A Day of Necessity and Virtue

“Great necessities call out great virtues,” wrote Abigail Adams. September 11, 2001, was a day of necessity and virtue. Hijackers seized United Airlines Flight 93 on its way from Newark to San Francisco. At first, passengers thought that the hijackers just wanted to divert the flight. But when they called family members, they learned that other planes had just flown into the World Trade Center and the Pentagon. They fought back. Amid hand-to-hand combat, Flight 93 crashed into a field in western Pennsylvania.

Americans then gave millions of dollars to help the families of those who died in the attacks. So many volunteers flocked to New York that officials had to turn most away. Others either got in touch with groups such as the Red Cross, or they started new ones. This response illustrated what Alexis deTocqueville noted: “Americans of all ages, all stations in life, and all types of dispositions are forever forming associations.”
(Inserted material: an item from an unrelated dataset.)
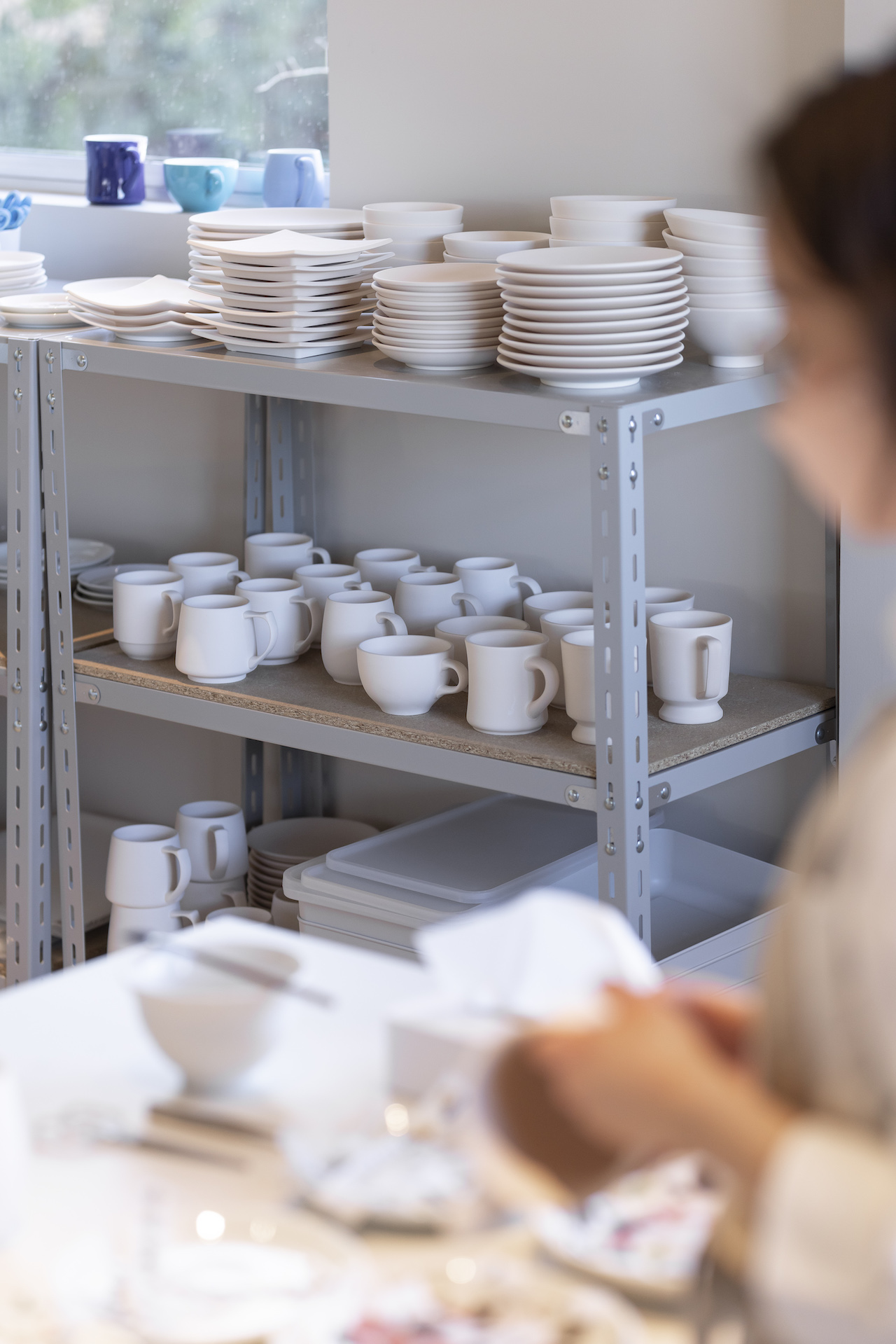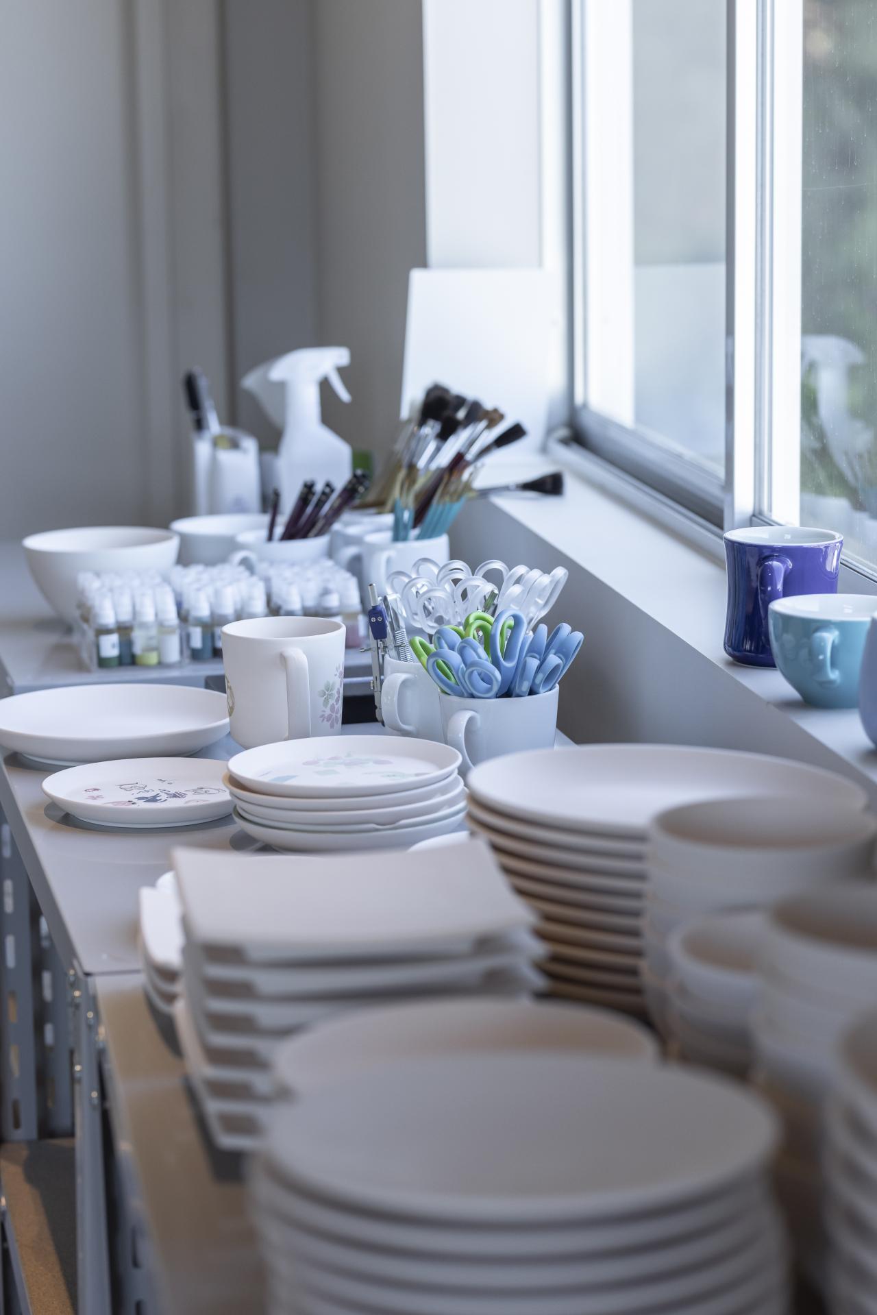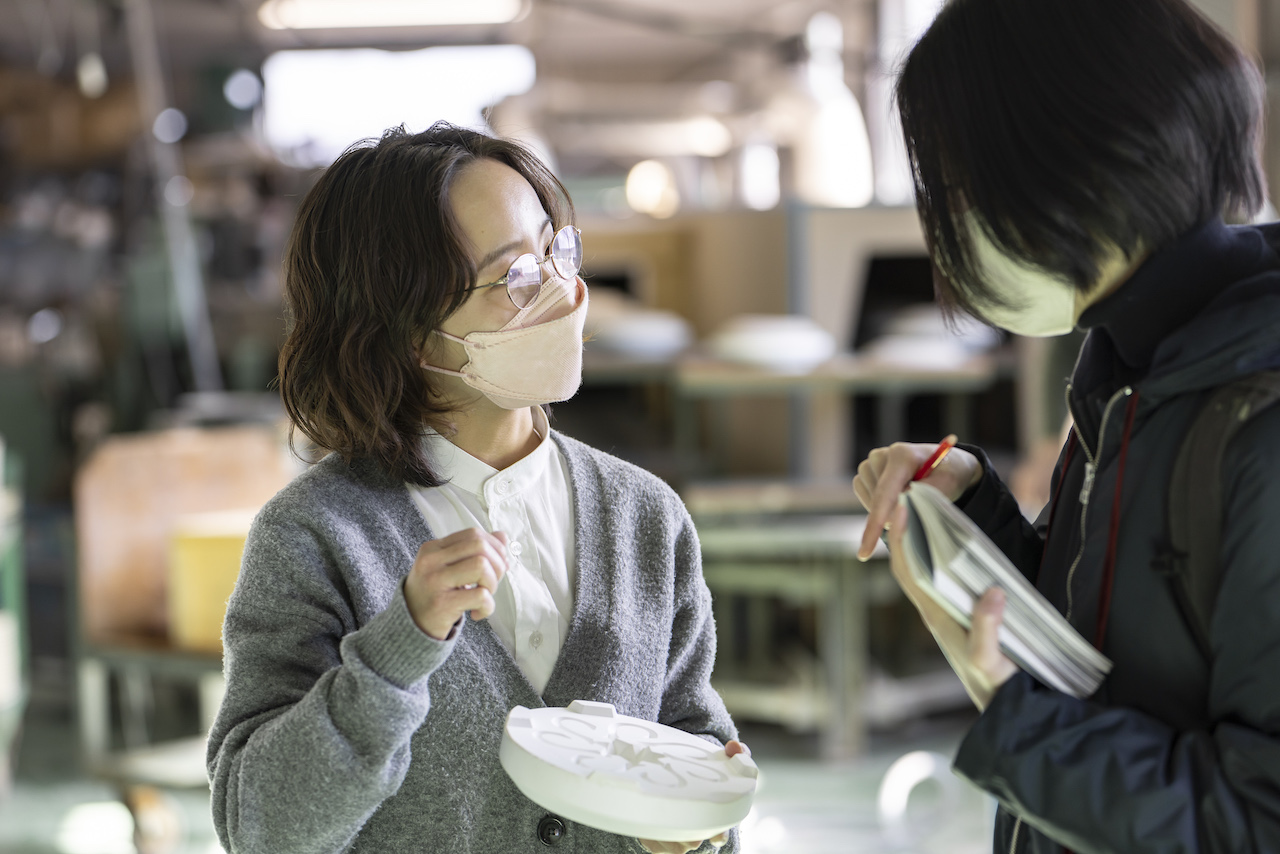 スタッフの吉永ひな野さんの案内で、まずはうつわの製造現場を見学させていただいた。〈KOYO BASE〉を運営する光洋陶器株式会社はホテルやレストラン向けのうつわのメーカーとして、東京オリンピックが開催された1964年に創業。以来、高品質な製品を国内外の食のプロフェッショナルに届けてきた。コロナ禍の影響もあり、近年では家庭用のテーブルウェアにも力を入れていて、生産するうつわの9割以上がオリジナル製品だ。

The passengers and crew of Flight 93 showed this tendency themselves. They did not strike out randomly. Instead they formed an association of sorts, quickly discussing how to get into the cockpit. They even took a vote. This decision to fight was an example of what Tocqueville called “self-interest properly understood.” By taking on the hijackers, they realized, they could save lives on the ground and might even save their own. Among the passengers, Don Greene was a licensed pilot of small planes, and Andrew Garcia had been an air-traffic controller for the Air National Guard. With coaching from the ground, they might have made an emergency landing.

We can see a related facet of the country’s character in the presence on Flight 93 of Garcia and former paratrooper William Cashman. Since colonial days, many Americans have fulfilled their desire to serve by joining the militia, the reserves, or the active-duty military. After September 11, as in times past, service members faced upheavals in their lives. Men and women in the National Guard took leave from their civilian jobs to tighten airport security. Meanwhile, the Pentagon activated thousands of reservists. And within weeks, United States forces were fighting in Afghanistan. Major wars have also called out sacrifices on the home front, as civilians have given time, money, and blood to support those in uniform.

Another passenger on Flight 93 was Todd Beamer, who became famous for what an operator heard him say as he put down his phone: “Are you guys ready? Let’s roll.” Moments earlier, he had asked her to pray with him. That evening, lawmakers gathered on the steps of the U.S. Capitol, reportedly the target of the Flight 93 hijackers. After their leaders spoke of their resolve, they joined to sing “God Bless America.” Nine days later, President George W. Bush addressed them and concluded: “In all that lies before us, may God grant us wisdom, and may He watch over the United States of America.”